Atop a cliff, a projectile is fired horizontally with an initial speed of 10 m/s. Neglecting air drag, what is its speed 1 second after it is fired? A) 20 m/s.B) 14 m/s.C) 30 m/s.D) 28 m/s.E) 10 m/s.
would this be 10 m/s?
No. See my previous answer.
http://www.jiskha.com/display.cgi?id=1330962875
No, the answer is not 10 m/s. The speed of the projectile 1 second after it is fired can be determined using the equations of motion. Since the projectile is fired horizontally, its initial vertical velocity is 0 m/s.
Using the equation for horizontal motion:
velocity (horizontal) = initial horizontal velocity = 10 m/s
The horizontal velocity remains constant throughout the motion.
Using the equation for vertical motion:
final vertical velocity = initial vertical velocity + (acceleration due to gravity * time)
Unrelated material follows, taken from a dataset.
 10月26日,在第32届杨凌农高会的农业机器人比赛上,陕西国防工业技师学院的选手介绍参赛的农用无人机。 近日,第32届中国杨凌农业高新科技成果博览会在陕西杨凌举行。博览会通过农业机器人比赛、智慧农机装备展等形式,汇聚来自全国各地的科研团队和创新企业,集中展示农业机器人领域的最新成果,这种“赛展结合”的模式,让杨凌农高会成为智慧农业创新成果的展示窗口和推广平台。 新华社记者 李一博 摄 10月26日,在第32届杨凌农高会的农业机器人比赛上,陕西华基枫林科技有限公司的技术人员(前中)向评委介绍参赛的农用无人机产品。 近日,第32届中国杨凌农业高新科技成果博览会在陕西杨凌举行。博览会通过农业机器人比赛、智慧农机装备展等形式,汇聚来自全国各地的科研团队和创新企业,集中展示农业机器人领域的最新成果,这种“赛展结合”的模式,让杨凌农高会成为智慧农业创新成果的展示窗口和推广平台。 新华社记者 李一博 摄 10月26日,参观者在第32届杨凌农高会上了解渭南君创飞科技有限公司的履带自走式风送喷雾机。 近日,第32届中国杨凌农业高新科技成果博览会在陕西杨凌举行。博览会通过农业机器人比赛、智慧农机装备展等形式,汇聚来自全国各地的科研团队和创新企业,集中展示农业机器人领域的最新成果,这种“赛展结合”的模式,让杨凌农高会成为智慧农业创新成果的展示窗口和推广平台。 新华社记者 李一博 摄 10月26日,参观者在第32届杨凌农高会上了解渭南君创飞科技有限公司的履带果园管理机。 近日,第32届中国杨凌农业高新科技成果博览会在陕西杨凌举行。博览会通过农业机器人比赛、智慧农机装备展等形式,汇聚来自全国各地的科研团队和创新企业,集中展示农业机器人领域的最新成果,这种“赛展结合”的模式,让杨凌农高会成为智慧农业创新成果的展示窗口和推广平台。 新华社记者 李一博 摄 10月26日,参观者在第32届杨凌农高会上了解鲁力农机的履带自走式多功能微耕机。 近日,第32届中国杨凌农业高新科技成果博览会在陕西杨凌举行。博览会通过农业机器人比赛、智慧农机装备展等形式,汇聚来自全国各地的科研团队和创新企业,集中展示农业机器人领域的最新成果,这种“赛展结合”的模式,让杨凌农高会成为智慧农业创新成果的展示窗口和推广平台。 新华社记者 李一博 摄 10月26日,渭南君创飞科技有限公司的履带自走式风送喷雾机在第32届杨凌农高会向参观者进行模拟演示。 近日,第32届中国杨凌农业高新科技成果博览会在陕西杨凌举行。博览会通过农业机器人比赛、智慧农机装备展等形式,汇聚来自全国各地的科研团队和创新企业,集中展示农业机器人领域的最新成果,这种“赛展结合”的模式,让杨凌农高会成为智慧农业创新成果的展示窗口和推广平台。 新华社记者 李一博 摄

Since the initial vertical velocity is 0 m/s, we can simplify the equation to:
final vertical velocity = acceleration due to gravity * time
Substituting the values:
final vertical velocity = (9.8 m/s^2) * (1 s)
final vertical velocity = 9.8 m/s
The speed of the projectile, which is the magnitude of its velocity, can be found using the Pythagorean theorem:
speed = sqrt[(velocity (horizontal))^2 + (final vertical velocity)^2]
speed = sqrt[(10 m/s)^2 + (9.8 m/s)^2]
speed = sqrt[100 m^2/s^2 + 96.04 m^2/s^2]
speed = sqrt[196.04 m^2/s^2]
speed = 14 m/s
Therefore, the correct answer is B) 14 m/s.
To solve this problem, we can use the concept of projectile motion.
When a projectile is fired horizontally, it only has an initial velocity in the horizontal direction and no initial velocity in the vertical direction. Neglecting air drag means that the horizontal velocity remains constant throughout the motion.
Given that the initial speed of the projectile is 10 m/s, we can determine the speed of the projectile 1 second after it is fired.
Since there is no initial vertical velocity, the only force acting in the vertical direction is gravity. The projectile will accelerate downwards, and the magnitude of this acceleration is approximately 9.8 m/s².
After 1 second, the vertical displacement of the projectile will be given by the formula: Δy = (1/2) * g * t², where g is the acceleration due to gravity (9.8 m/s²) and t is the time (1 second). Plugging in the values, we get: Δy = (1/2) * 9.8 * 1² = 4.9 meters.
Now, since the horizontal velocity remains constant, the speed of the projectile 1 second after it is fired will be the same as its initial speed of 10 m/s. Therefore, the correct answer is E) 10 m/s.